Marsh Herbert W, Lüdtke Oliver, Robitzsch Alexander, Trautwein Ulrich, Asparouhov Tihomir, Muthén Bengt, Nagengast Benjamin
a University of Oxford , UK.
b Max Planck Institute for Human Development , Berlin , Germany.
Multivariate Behav Res. 2009 Nov 30;44(6):764-802. doi: 10.1080/00273170903333665.

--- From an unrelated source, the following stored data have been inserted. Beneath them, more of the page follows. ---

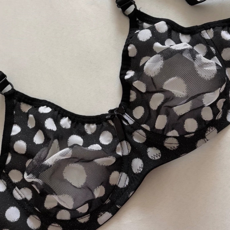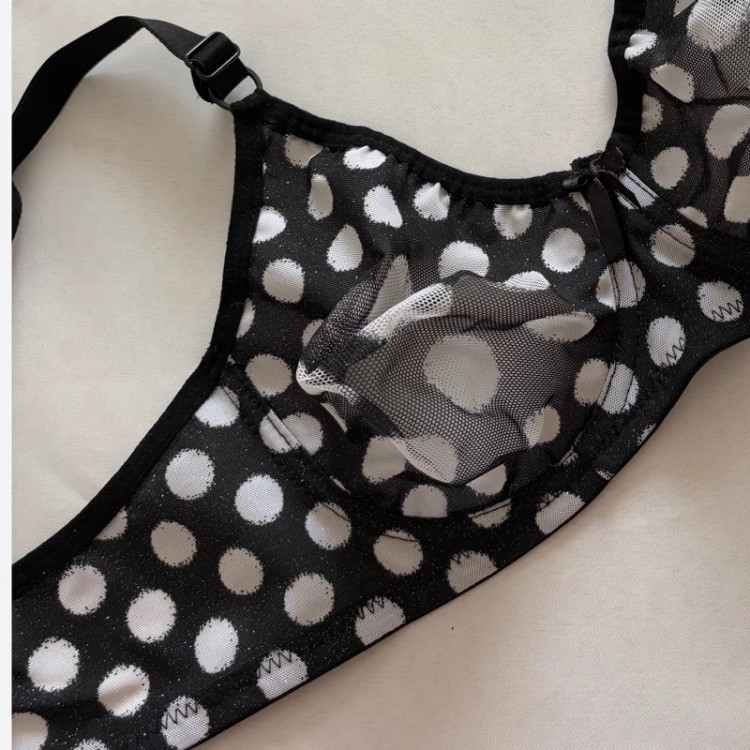 سوتین خال خالی حریره نرمه یکم مقاوم تره از باقیه سوتین ها بند قابل تنظیم داره دو سایز داره اکلیلیه وسطش دوخت نداره و باعث خوش فراتر نشون دادن بدنتون میشه و از رو و زیر لباس خیلی شیکه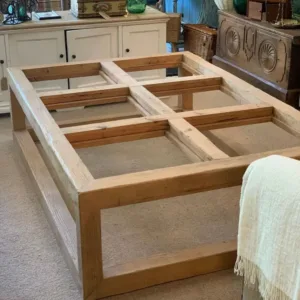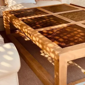 Mesa de centro fabricada en pino viejo recuperado, con acabado liso texturizado en color tostado (T003).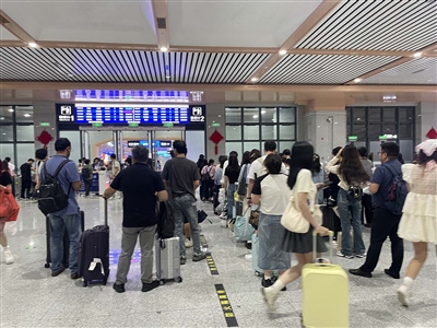 本报讯 “五一”小长假即将结束,泉州南站迎来返程客流小高峰。5月5日下午,记者在泉州南站看到旅客正带着行李排队接受安检。当前正值返程高峰,铁路客流量较大,市内公共道路交通压力增加,请广大市民合理安排行程,尽可能错峰出行,预留充足时间进站乘车,具体列车开行情况,可留意车站公告,或通过铁路12306平台查询。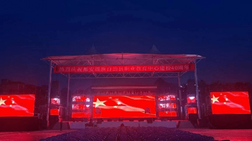 四十诞辰正芳华 职教梦想花绽放 11月5日,都安职教中心“四十诞辰正芳华 职教梦想花绽放”40周年校庆联欢晚会在美丽的都安澄江畔举行。联办高校代表、合作企业代表、校友代表、离退休教师代表及全校师生等近6000人亲临晚会现场,共同祝贺都安职教中心四十华诞,一同见证都安职教中心的辉煌成就。晚会共分为“瑶山有梦创大业”“初心不忘职教欢”“四十芳华新征程”三个篇章。每个篇章层层递进,再现了都安职教中心40年披荆斩棘,克难攻坚的出征与蜕变。 第一篇章“瑶山有梦创大业”在学校李海胜老师改编的《职教欢迎您》大合唱中拉开序幕。《职教欢迎您》唱出了职教人及职教学子的自豪感和使命感,体现了职教中心的初心与担当!学校师生创作的诗朗诵《使命》展现了都安职教中心40年来风雨无阻,历经磨难求发展、自强不息创业绩的奋斗足迹。音诗画《大爱无缰》则歌颂了跨越数千里的山海情谊来到都安支教的支教团队,感谢他们为学校的高质量发展提供了坚实保障。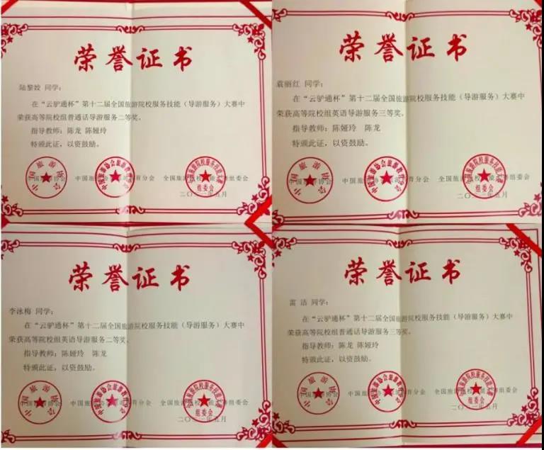beat365官网学子在第十二届全国旅游院校服务技能大赛(导游服务)中斩获两个二等奖、两个三等奖。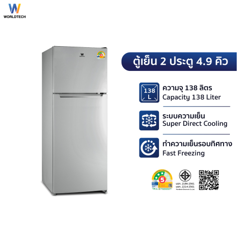 ✅ Worldtech ตู้เย็น 2 ประตู ขนาด 4.9 คิว/ 138 ลิตร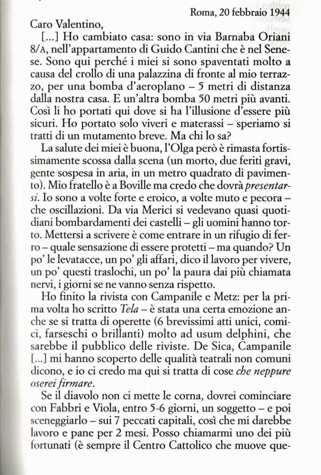 20 Febbraio 1944, Zavattini a Bompiani

This article is a methodological-substantive synergy. Methodologically, we demonstrate latent-variable contextual models that integrate structural equation models (with multiple indicators) and multilevel models. These models simultaneously control for and unconfound measurement error due to sampling of items at the individual (L1) and group (L2) levels and sampling error due the sampling of persons in the aggregation of L1 characteristics to form L2 constructs. We consider a set of models that are latent or manifest in relation to sampling items (measurement error) and sampling of persons (sampling error) and discuss when different models might be most useful. We demonstrate the flexibility of these 4 core models by extending them to include random slopes, latent (single-level or cross-level) interactions, and latent quadratic effects. Substantively we use these models to test the big-fish-little-pond effect (BFLPE), showing that individual student levels of academic self-concept (L1-ASC) are positively associated with individual level achievement (L1-ACH) and negatively associated with school-average achievement (L2-ACH)-a finding with important policy implications for the way schools are structured. Extending tests of the BFLPE in new directions, we show that the nonlinear effects of the L1-ACH (a latent quadratic effect) and the interaction between gender and L1-ACH (an L1 × L1 latent interaction) are not significant. Although random-slope models show no significant school-to-school variation in relations between L1-ACH and L1-ASC, the negative effects of L2-ACH (the BFLPE) do vary somewhat with individual L1-ACH. We conclude with implications for diverse applications of the set of latent contextual models, including recommendations about their implementation, effect size estimates (and confidence intervals) appropriate to multilevel models, and directions for further research in contextual effect analysis.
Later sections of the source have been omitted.